> Exercise objective
Write again exactly the lines in the listing below, starting at the line with "Each class includes" and ending at the line with "Na imagem abaixo, temos", both included. Pictures are not copied.

> Records for the task
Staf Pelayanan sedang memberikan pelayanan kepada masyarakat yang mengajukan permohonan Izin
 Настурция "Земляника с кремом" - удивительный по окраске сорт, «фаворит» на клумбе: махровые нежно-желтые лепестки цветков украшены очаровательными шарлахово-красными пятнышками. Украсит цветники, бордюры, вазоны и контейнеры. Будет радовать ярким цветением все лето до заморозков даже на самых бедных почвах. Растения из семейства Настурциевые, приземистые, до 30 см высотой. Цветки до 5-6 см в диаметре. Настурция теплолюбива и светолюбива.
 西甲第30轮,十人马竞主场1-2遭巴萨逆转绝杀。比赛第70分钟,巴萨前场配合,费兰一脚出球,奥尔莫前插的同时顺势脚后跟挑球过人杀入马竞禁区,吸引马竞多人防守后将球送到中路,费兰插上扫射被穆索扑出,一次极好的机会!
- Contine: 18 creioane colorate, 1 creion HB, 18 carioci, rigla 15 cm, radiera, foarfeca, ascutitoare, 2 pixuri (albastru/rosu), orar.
...
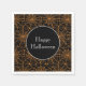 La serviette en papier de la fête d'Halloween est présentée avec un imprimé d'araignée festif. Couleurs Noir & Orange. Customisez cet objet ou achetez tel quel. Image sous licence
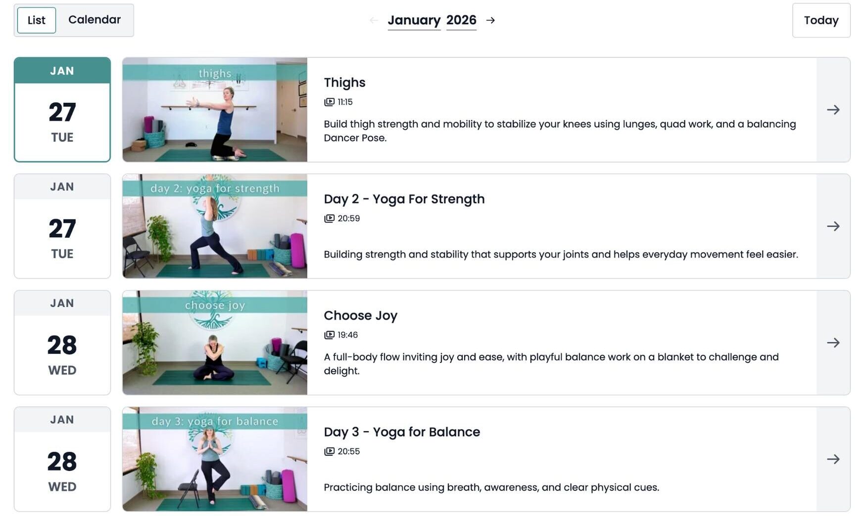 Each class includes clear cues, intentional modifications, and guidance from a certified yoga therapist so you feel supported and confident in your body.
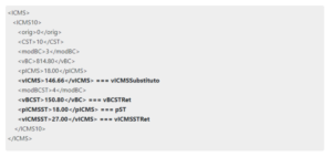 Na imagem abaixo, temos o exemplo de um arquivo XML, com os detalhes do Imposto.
---
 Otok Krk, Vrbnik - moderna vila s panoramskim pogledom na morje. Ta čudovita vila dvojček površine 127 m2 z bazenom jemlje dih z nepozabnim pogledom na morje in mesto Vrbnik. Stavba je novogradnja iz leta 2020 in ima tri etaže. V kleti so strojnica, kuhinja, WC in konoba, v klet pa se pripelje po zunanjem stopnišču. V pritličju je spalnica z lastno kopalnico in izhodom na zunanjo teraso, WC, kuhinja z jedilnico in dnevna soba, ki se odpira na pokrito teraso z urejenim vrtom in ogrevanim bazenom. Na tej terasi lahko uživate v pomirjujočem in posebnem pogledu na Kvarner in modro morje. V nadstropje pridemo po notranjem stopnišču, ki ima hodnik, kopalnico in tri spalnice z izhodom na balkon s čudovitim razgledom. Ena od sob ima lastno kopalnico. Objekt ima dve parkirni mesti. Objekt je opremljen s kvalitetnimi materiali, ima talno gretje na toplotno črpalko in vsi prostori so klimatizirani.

> Solution for this exercise
 Each class includes clear cues, intentional modifications, and guidance from a certified yoga therapist so you feel supported and confident in your body.
 Na imagem abaixo, temos o exemplo de um arquivo XML, com os detalhes do Imposto.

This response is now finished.